As a litigator, it is the type of expose that you fear in litigation. It deals scenes of Mitchell getting drunk at parties and propositioning students as well as scenes of Mitchell making out with young girls at grocery stores and other public events. It also refers to an alleged picture of Mitchell making out at such a party. Dubé adds more details including being used by Mitchell to separate female staff from their dates to allow Mitchell to allegedly try to pick them up.The article is quite detailed, including students who give measured but ultimately damaging accounts like “To be quite frank, it would not be inaccurate to describe him as a dirty old man, but that said, there’s nothing wrong with being a dirty old man as long as you are able to keep that in an appropriate setting.” Likewise, a female law student recounts how she ran into Mitchell with a young girl at a Cleveland Heights grocery store: “I was like, ‘Oh, cute he’s with his daughter.’ But then he starts making out with her in the meat section.” One student correctly notes that this is a smaller legal community and Mitchell may have not appreciated how transparent you are as a dean at a leading local school. However, it is not clear that these public accounts of amorous conduct with young women involved law students or staff. Indeed, they remain unproven and anonymous. The identity of such women is likely to be added to the discovery demands — presenting even greater problems in damage control for the defense. However, this is a case about harassment and retaliation. The plaintiffs will have to establish that nexus. Yet, given the underlying claims and alleged cause for the harassing conduct, discovery will necessary delve into these allegations.

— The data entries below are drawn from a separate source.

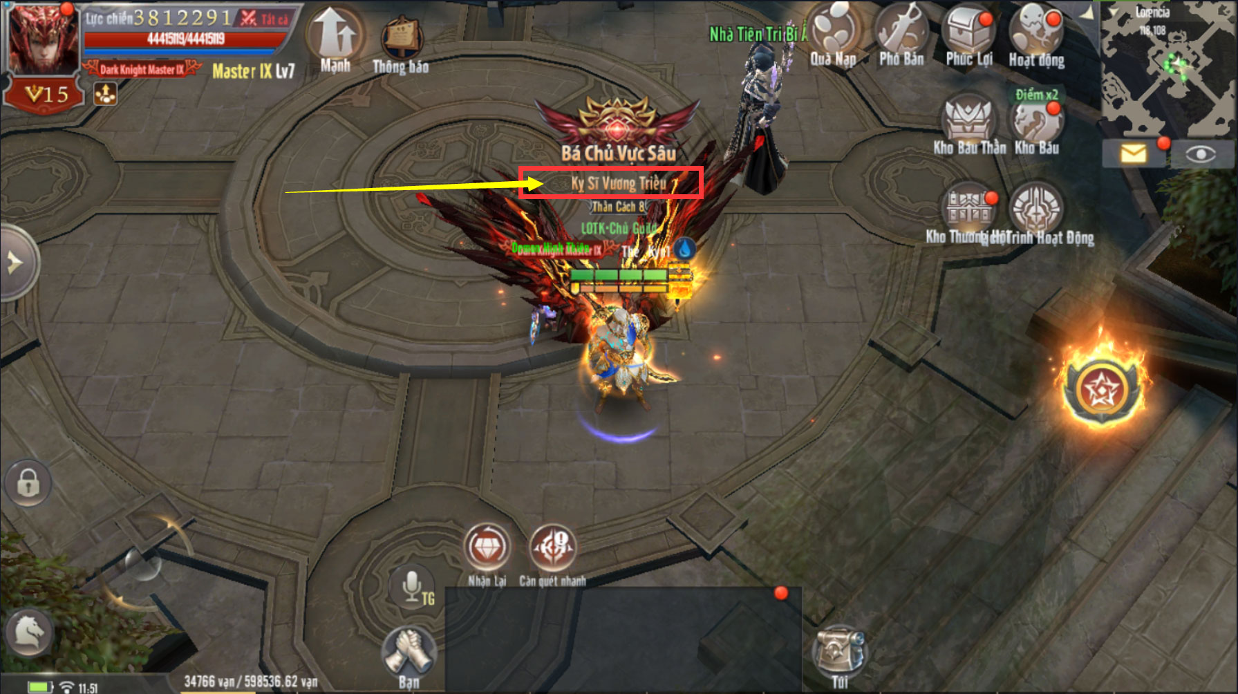 Góc bên trái trên cùng là tên và cấp hiện tại của Gia Tộc.
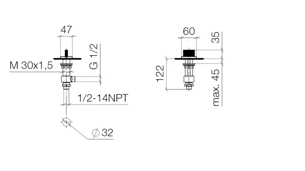 Вентиль боковой запирание влево горячий 60x47 мм платина матовая
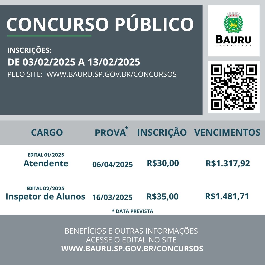 A Prefeitura de Bauru, por meio da Secretaria da Administração, vai abrir inscrições de dois concursos públicos em fevereiro, para os cargos de atendente (edital 01/2025) e inspetor de alunos (edital 02/2025), conforme informações a seguir.

In the meantime, Mitchell’s lawyers are trying to get the judge reversed on a discovery order. They previously tried unsuccessfully to strike portions of the complaint. I noted at the time that such motions are highly doubtful in a case like this and tend to not only alienate the court but send the wrong message on the concerns over the allegations. The motion was predictably denied. The current motion to limit discovery is equally questionable. Appellate courts are very reluctant to second guess such matters and very rarely reverse such orders. This is not the type of strategy that one would expect if you wanted to get to trial and win on the merits. Frankly, it is the type of strategy you often see from large companies or government agencies to wear down litigants in hope for a settlement or abandonment of the litigation. However, it could also be simply highly aggressive litigation and a view that Mitchell has nothing to lose in seeking to curtail the case. Moreover, Mitchell is known for joking about sexual matters and the jury could well find that many of these references statements were simply bawdy humor. Additionally, the accounts of Mitchell being seen making out with young women does not confirm that they were either staff or students. There remains much that still remains to establish in discovery. Mitchell insists that this remains a case of disgruntled and hostile former colleagues and staff. He has reaffirmed his intention to prevail in court in disproving these allegations.
In his blog, Mitchell compares himself to Moses with a picture of Jews escaping from Egypt after Moses divided the Red Sea. He relates a conversation that he had with a Rabbi and how he felt like this was a place of oppression for him. He describes Cleveland as “a place for me of pain, of disillusionment, of disappointment.” He announced that “I’ve been thinking a lot about it and about where I’m going – to my own promised land.”